You can visit my website to see the other detail shots of this quilt and to read the background information and see the other Klimt-influenced farm hayfield quilts I made at that time (go to the Landscape section of the Gallery).

Next week, I’ll post how I solved problem number two.
I hope I’m not boring you with technical details. I just know how I struggled with this when I was trying to enter quilts into calls for entry and couldn’t figure out what was going on. I hope it helps some of you.

By the way, if you join SAQA, you get to belong to their Yahoo discussion group and you can search back through all the topics that have ever been discussed there. I have learned so much from this group of artists on an amazing variety of topics. You can ask any question and that same day it will be answered in detail by several people. And that is only one of the membership benefits. Visit to learn more about membership.

And here is a link to a book that is very helpful about photographing quilts and editing the photos called Digital Essentials by Gloria Hansen

I'm linking this to Off The Wall Friday where you can see other art quilt blogs. Please make comments on their posts to let them know you visited.


  1. Very interesting about the camera. I can see the difference for sure. I only have my iPhone camera but its adequate and best of all is always with me for inspiration shots of which I am constantly taking. I love that hayfield quilt and am going now to check out your landscape page - it is wonderful!

    1. I hear smart phone cameras will be taking over the market from point-and-shoot cameras. I don't know if they have adjustable aperture settings or not because I don't yet have a smart phone.
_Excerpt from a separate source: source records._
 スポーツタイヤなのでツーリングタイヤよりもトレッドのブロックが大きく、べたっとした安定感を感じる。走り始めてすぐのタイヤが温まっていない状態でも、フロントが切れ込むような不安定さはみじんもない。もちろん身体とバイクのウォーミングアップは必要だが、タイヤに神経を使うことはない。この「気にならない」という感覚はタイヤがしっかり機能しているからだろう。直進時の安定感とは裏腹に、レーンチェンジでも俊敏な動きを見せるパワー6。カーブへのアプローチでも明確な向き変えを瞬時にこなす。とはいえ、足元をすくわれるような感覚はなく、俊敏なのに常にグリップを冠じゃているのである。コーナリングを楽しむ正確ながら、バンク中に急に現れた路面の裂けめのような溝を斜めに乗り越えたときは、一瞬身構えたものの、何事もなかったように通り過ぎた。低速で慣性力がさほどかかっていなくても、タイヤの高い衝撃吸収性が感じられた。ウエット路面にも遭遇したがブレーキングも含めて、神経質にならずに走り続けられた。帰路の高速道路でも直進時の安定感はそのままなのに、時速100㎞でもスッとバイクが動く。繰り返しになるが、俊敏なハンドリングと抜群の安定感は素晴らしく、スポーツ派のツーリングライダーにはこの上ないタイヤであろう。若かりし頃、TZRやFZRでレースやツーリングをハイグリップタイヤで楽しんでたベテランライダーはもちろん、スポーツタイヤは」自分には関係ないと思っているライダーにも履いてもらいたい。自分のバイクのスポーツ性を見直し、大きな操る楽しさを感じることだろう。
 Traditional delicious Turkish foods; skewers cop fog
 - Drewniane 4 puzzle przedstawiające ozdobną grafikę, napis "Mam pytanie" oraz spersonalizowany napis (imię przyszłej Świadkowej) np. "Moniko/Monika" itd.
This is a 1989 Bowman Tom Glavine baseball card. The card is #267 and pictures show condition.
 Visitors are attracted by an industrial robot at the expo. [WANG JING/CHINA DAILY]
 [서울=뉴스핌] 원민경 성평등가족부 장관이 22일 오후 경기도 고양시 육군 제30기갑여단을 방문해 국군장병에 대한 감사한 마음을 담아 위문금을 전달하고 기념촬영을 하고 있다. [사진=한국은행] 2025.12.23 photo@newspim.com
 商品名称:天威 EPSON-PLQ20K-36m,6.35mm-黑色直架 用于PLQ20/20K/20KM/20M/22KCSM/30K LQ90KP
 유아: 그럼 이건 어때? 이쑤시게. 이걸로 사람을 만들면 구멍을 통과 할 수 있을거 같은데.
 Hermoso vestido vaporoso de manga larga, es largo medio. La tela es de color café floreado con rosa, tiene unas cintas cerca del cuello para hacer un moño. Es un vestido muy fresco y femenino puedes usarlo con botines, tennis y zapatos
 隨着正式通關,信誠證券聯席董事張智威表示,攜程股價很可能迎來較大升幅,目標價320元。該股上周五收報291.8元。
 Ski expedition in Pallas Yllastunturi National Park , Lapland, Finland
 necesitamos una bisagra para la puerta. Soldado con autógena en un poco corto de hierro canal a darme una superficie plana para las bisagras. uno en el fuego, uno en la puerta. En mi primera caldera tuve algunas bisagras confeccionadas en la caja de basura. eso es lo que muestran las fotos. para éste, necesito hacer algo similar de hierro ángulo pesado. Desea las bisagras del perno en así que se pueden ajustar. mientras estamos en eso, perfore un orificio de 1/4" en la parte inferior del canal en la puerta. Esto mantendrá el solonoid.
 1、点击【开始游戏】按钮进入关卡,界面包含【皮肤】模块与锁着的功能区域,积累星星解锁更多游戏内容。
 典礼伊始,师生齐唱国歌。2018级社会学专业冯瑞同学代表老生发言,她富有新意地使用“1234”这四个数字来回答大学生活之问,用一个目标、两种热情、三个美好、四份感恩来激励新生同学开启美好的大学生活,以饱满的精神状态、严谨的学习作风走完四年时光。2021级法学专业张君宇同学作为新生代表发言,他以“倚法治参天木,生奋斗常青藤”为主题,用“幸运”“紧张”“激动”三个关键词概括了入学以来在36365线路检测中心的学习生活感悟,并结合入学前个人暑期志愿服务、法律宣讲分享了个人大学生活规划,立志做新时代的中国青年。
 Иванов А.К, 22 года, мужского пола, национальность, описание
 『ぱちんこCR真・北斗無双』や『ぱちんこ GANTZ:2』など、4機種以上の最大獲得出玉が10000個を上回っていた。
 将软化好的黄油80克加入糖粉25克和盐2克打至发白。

But I hear that the photos from smart phones are pretty good quality.

  2. Wonderful information....I have camera that also takes lovely shots but I too have struggled with getting the best shots of my work (especially the larger ones) My camera does have the ability to change the aperture.....I am going to have to spend a little time leaning more about this.....guess I have been kinda lazy just using the presets in point and shoot mode......thank you for the enlightenment

    1. I was lazy for a long time, too. But I finally got serious about the calls for entry. It does make a difference to have good, clear photos for those. And once you have all the good settings written down somewhere, it doesn't take long to set up the camera. It just takes long to learn how to do it and to experiment to get it right. (At least it did for me.)

  3. It IS frustrating but I have to squeeze as much as I can out of my Nikon Coolpix until I win the lottery!

    1. I'm lucky my husband has such a nice camera for me to use for the whole quilt photos. But man, his camera manual is soooo long to read. And not entertaining. But I got the job done and wrote down what I need in my journal.